# Abs...(Need advice)



## pichardop1986 (Jun 5, 2012)

Good morning all,

       Guys I have been lifting a total of 22 days now and I am finally over all the little aches and pains and soreness am sure you all know what I am taking about. Now my question is, I want to develope abs it doesnt need to be like cutlers ot heath's but I would like to start seeing definition how should I tune my diet and what type of exercise shoud I start doing? Any help is much appreciated. Thanks in advanced. 


Peter


----------



## Shamrock. (Jun 5, 2012)

pichardop1986 said:


> Good morning all,
> 
> Guys I have been lifting a total of 22 days now and I am finally over all the little aches and pains and soreness am sure you all know what I am taking about. Now my question is, I want to develope abs it doesnt need to be like cutlers ot heath's but I would like to start seeing definition how should I tune my diet and what type of exercise shoud I start doing? Any help is much appreciated. Thanks in advanced.
> 
> ...



Cutler is not known for great abs definition.

And the obvious answer is to do crunches and maintain clean diet.


----------



## dsc123 (Jun 5, 2012)

Before asking a very broad question, start by reading the stickies in the diet and nutrition and training zones.


----------



## Cork (Jun 5, 2012)

Shamrock. said:


> And the obvious answer is to do crunches and maintain clean diet.



Yes that would be an obvious answer, half of it is nonsense though.  Crunches are worthless.

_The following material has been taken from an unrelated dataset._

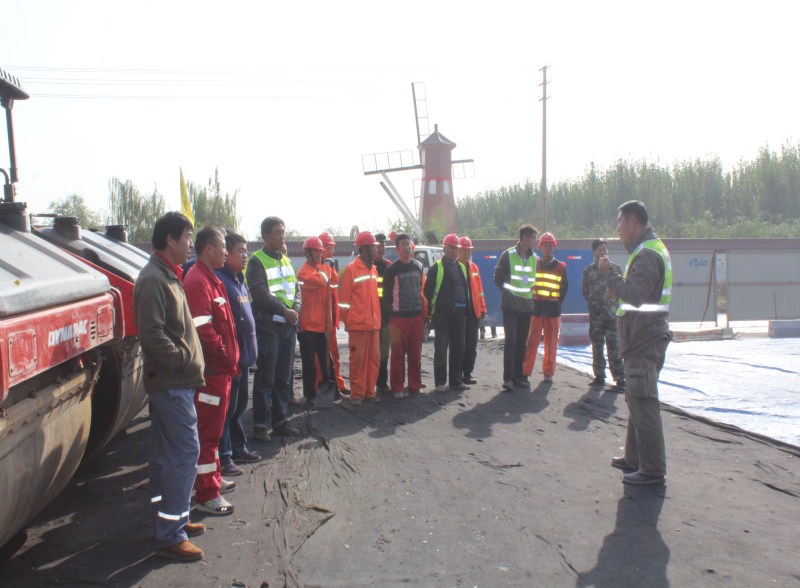 省道S102油層施工現(xiàn)場(chǎng)進(jìn)行安全交底

If you want visible abs, you have to train them like you would any other muscle.  You also have to clean up your diet and do your cardio.  It's all about fat loss.  Bulkier abs will be more visible at higher BF, but you still have to get lean.


----------



## sassy69 (Jun 5, 2012)

Cork said:


> Yes that would be an obvious answer, half of it is nonsense though.  Crunches are worthless.
> 
> If you want visible abs, you have to train them like you would any other muscle.  You also have to clean up your diet and do your cardio.  It's all about fat loss.  Bulkier abs will be more visible at higher BF, but you still have to get lean.

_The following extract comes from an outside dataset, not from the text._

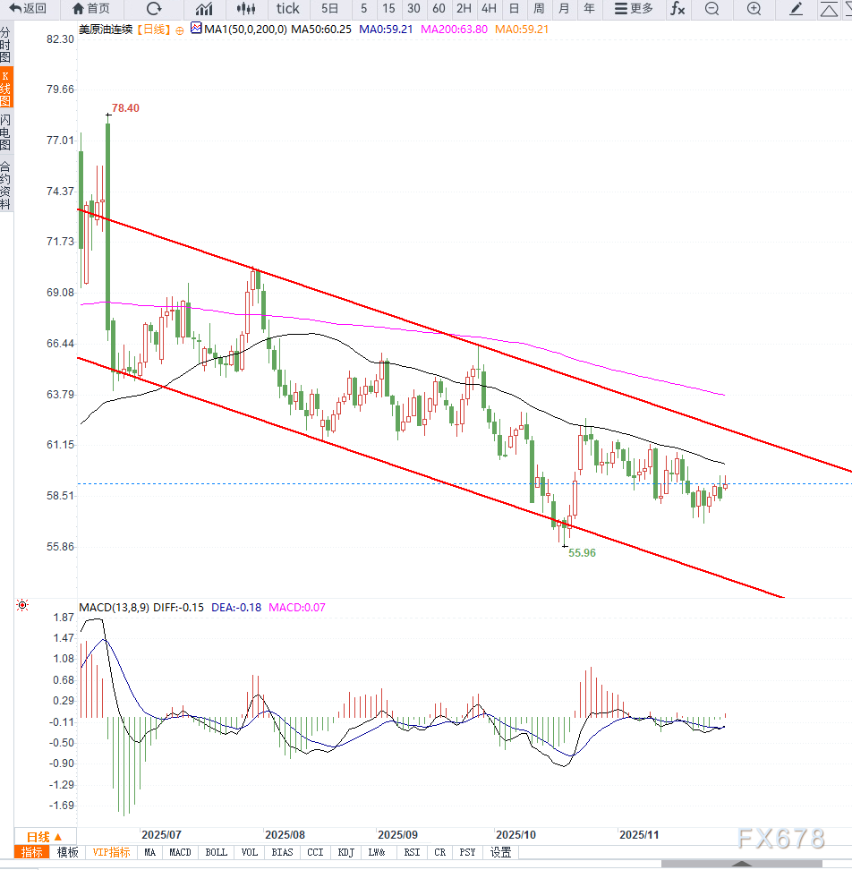 当前WTI美原油日线级别走势呈现“下跌趋势中的震荡修复”特征:趋势结构上:价格仍运行在主要下行趋势线下方,均线系统(如20日与60日)呈空头排列,显示中期趋势尚未扭转。

Abs are made in the kitchen. IF you're trying to build muscle (hypertrophy) and cut at the same time (don't know anything about your bodyfat levels right now), you're going to have hard time sending your body conflicting messages of not eating enough and lifting too much for the energy you're providing. If you want to focus on cutting, you'd need to post up some more info on diet & training right now.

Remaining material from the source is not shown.